↓↓↓

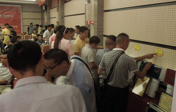 分銷會上,現(xiàn)場訂貨政策解讀贏得廣大客戶一片叫好,訂貨客戶砸金蛋贏燃具套餐、電熱水器、智能手機大獎更是將會議氣氛推向高潮。現(xiàn)場,新客戶合作意向強烈,洽談區(qū)忙得熱火朝天;老客戶現(xiàn)場訂貨訂單接連不斷,抽得大獎更是喜笑顏開。此次深度分銷會議,榮事達新增30多位凈水機經(jīng)銷商,壯大了終端渠道營銷實力,更是給全國代理商異地溝通、學習提供了有益示范。
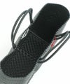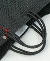 プラスチックのコードを丁寧に編み込んだ、独特の模様編みが目を引くアイテム。
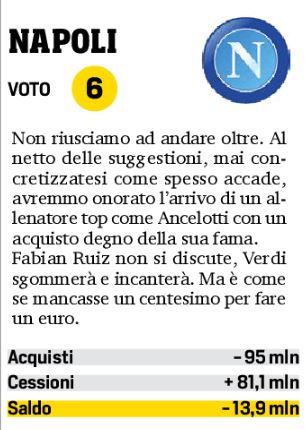 Oggi il CdS propone un bilancio di mercatro di tutte le squadre di serie A. Secondo il Corriere dello Sport Ancelotti andava onorato con un acquisto eccellente.
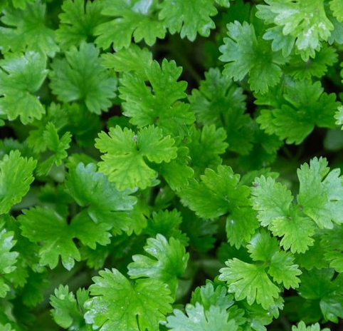 Coriander microgreens (Coriandrum sativum), moderate-growing annuals up to 2-3 inches, thrive in peat-based soil with partial shade, are edible, and offer carotenoids for eye health, native to the Mediterranean.
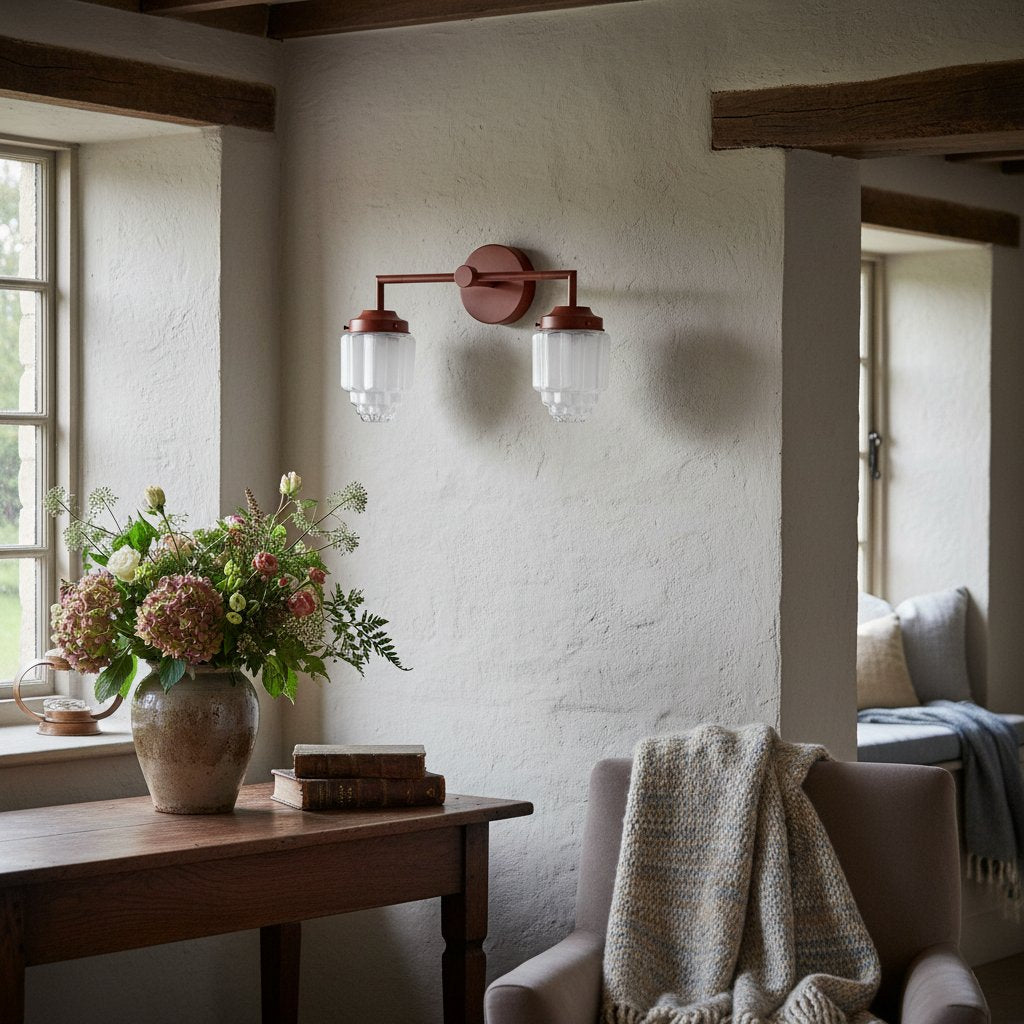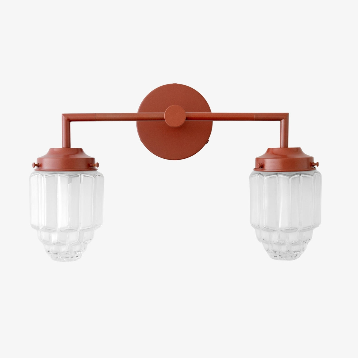 The Tierlux Glass vanity light reflects the elegance of the Art Deco era with its colorful accents and geometric design. Featuring frosted glass skyscraper globes, this wall light adds a vibrant touch to your bathroom or living space. A perfect balance of bold style and soft lighting.
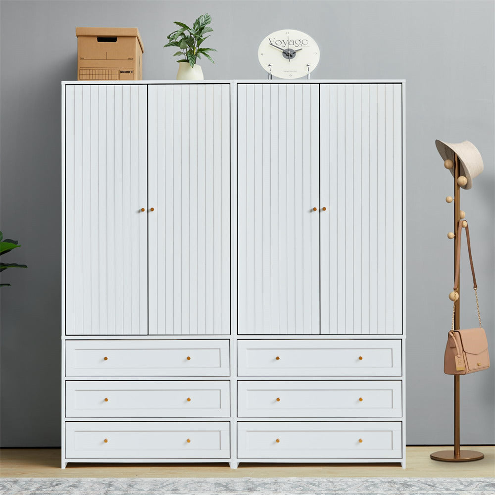 Freestanding 2-Door Wardrobe Closet Clothing Organizer with 3-Drawer and Hanging Rod
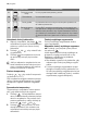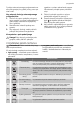 progress Wyświetlacz A B G A) Symbol funkcji piekarnika B) Wyświetlacz temperatury/czasu C) Wskazanie zegara/ciepła resztkowego (również minutnika i aktualnego czasu) D) Wskaźnik ciepła resztkowego E) Wskaźniki funkcji zegara (patrz tabela „Funkcje zegara”) F) Wskaźnik nagrzewania G) Numer funkcji/programu piekarnika C F E D Inne wskaźniki na wyświetlaczu Symbole Nazwa / / Opis Program automatyczny Umożliwia wybór programu piekarnika. Mój ulubiony program Uruchomiony jest ulubiony program.
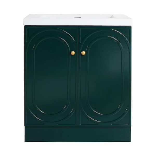30 in. W x 20 in. D x 36 in. H Single Sink Freestanding Bath Vanity in Dark Green with White Resin Top
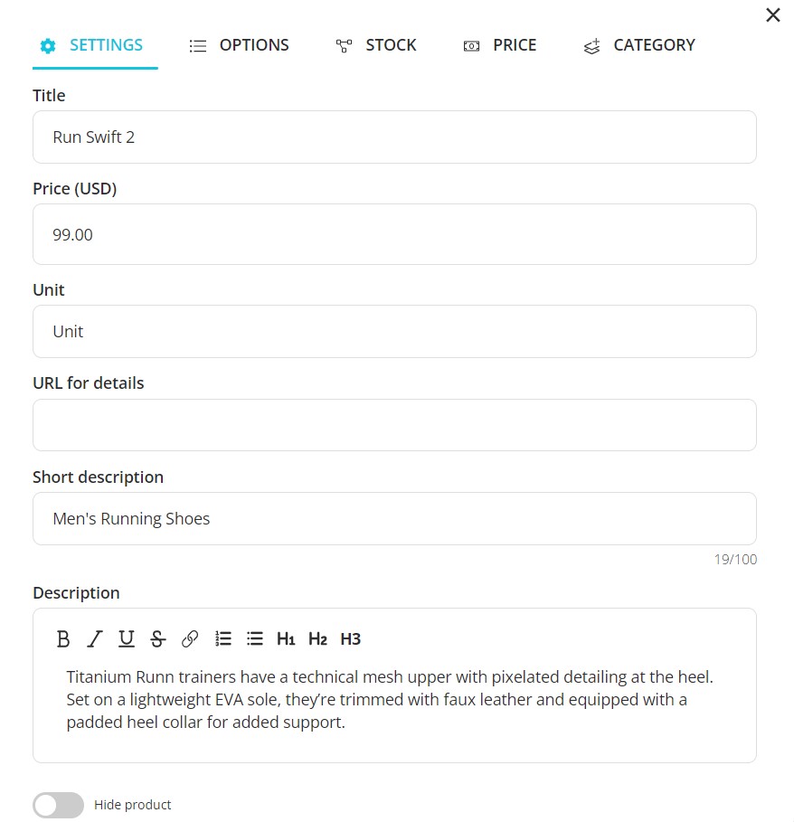 - Here you will see all the fields that you need to fill in for a complete product. Title, price, description, etc.

↑↑↑

PROMPT ->
Would you transcribe each of the entries exactly, skipping the pictures?

ANSWER TO THE PROBLEM ->
 分銷會上,現(xiàn)場訂貨政策解讀贏得廣大客戶一片叫好,訂貨客戶砸金蛋贏燃具套餐、電熱水器、智能手機大獎更是將會議氣氛推向高潮。現(xiàn)場,新客戶合作意向強烈,洽談區(qū)忙得熱火朝天;老客戶現(xiàn)場訂貨訂單接連不斷,抽得大獎更是喜笑顏開。此次深度分銷會議,榮事達新增30多位凈水機經(jīng)銷商,壯大了終端渠道營銷實力,更是給全國代理商異地溝通、學習提供了有益示范。
 プラスチックのコードを丁寧に編み込んだ、独特の模様編みが目を引くアイテム。
 Oggi il CdS propone un bilancio di mercatro di tutte le squadre di serie A. Secondo il Corriere dello Sport Ancelotti andava onorato con un acquisto eccellente.
 Coriander microgreens (Coriandrum sativum), moderate-growing annuals up to 2-3 inches, thrive in peat-based soil with partial shade, are edible, and offer carotenoids for eye health, native to the Mediterranean.
 The Tierlux Glass vanity light reflects the elegance of the Art Deco era with its colorful accents and geometric design. Featuring frosted glass skyscraper globes, this wall light adds a vibrant touch to your bathroom or living space. A perfect balance of bold style and soft lighting.
 Freestanding 2-Door Wardrobe Closet Clothing Organizer with 3-Drawer and Hanging Rod
 progress Wyświetlacz A B G A) Symbol funkcji piekarnika B) Wyświetlacz temperatury/czasu C) Wskazanie zegara/ciepła resztkowego (również minutnika i aktualnego czasu) D) Wskaźnik ciepła resztkowego E) Wskaźniki funkcji zegara (patrz tabela „Funkcje zegara”) F) Wskaźnik nagrzewania G) Numer funkcji/programu piekarnika C F E D Inne wskaźniki na wyświetlaczu Symbole Nazwa / / Opis Program automatyczny Umożliwia wybór programu piekarnika. Mój ulubiony program Uruchomiony jest ulubiony program.
30 in. W x 20 in. D x 36 in. H Single Sink Freestanding Bath Vanity in Dark Green with White Resin Top
 - Here you will see all the fields that you need to fill in for a complete product. Title, price, description, etc.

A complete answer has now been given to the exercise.